▶ **WORK ORDER**
Extract verbatim every line from the one containing "すごい勢いでレベルがあがって初霜改二に出来ました" to the final line of the records below, inclusive, and exclude all pictures.

[Opening INPUT DATA section]

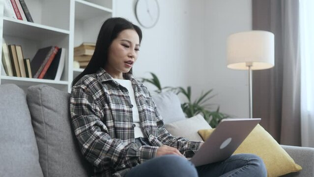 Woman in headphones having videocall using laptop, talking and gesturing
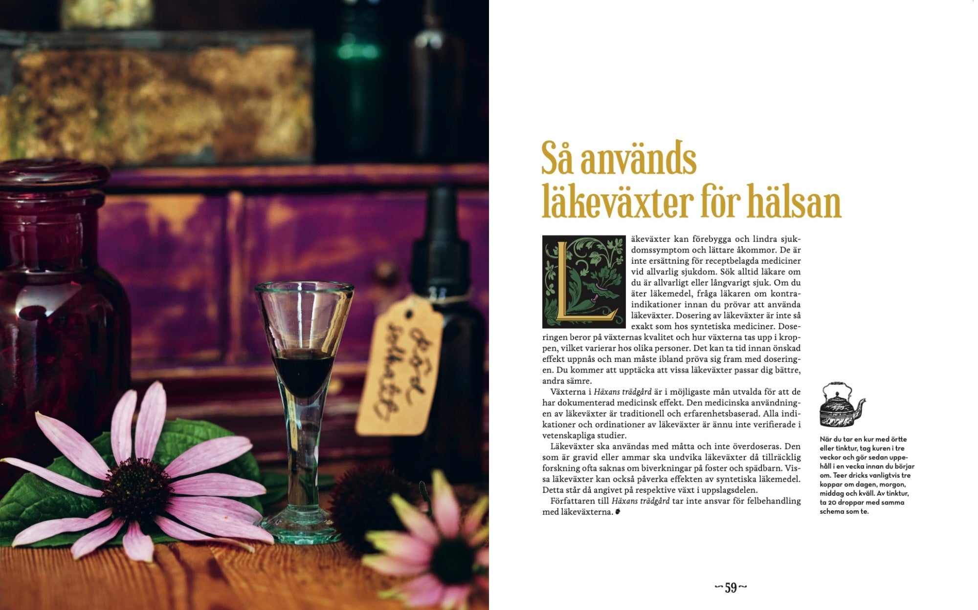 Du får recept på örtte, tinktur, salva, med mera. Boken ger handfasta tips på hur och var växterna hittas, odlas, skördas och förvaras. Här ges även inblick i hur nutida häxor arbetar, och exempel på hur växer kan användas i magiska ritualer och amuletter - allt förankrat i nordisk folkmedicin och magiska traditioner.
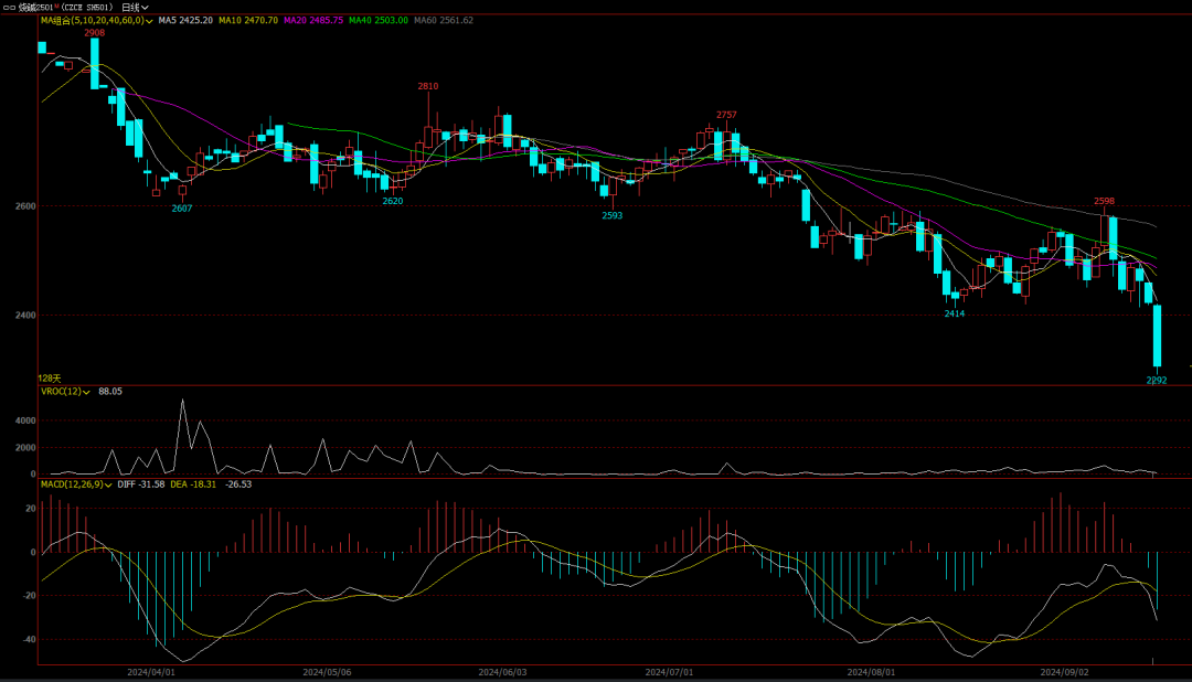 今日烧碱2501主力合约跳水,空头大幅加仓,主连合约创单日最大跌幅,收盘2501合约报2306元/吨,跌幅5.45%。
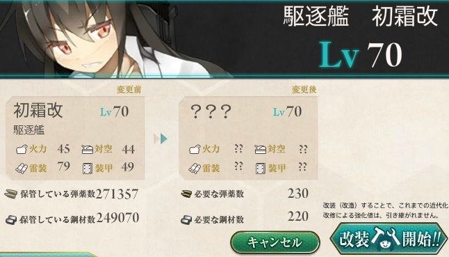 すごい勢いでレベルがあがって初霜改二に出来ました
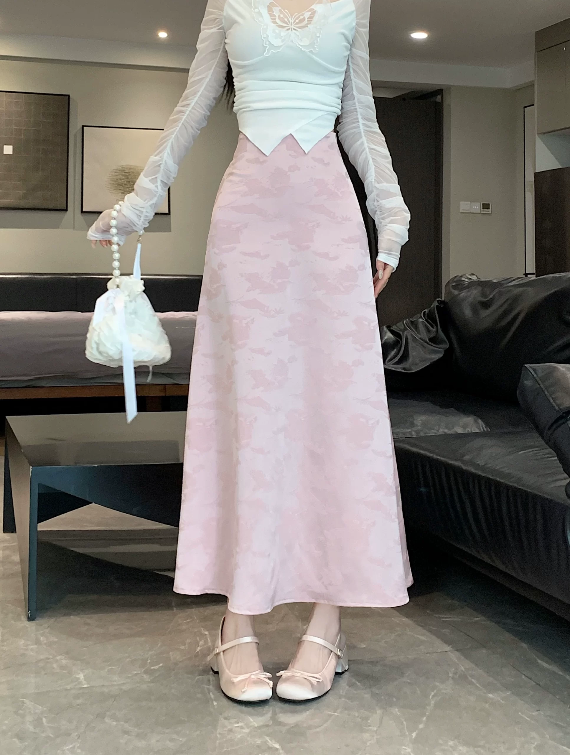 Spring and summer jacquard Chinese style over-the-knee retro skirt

[Closing INPUT DATA section]

▶ **EXERCISE RESULT**
 すごい勢いでレベルがあがって初霜改二に出来ました
 Spring and summer jacquard Chinese style over-the-knee retro skirt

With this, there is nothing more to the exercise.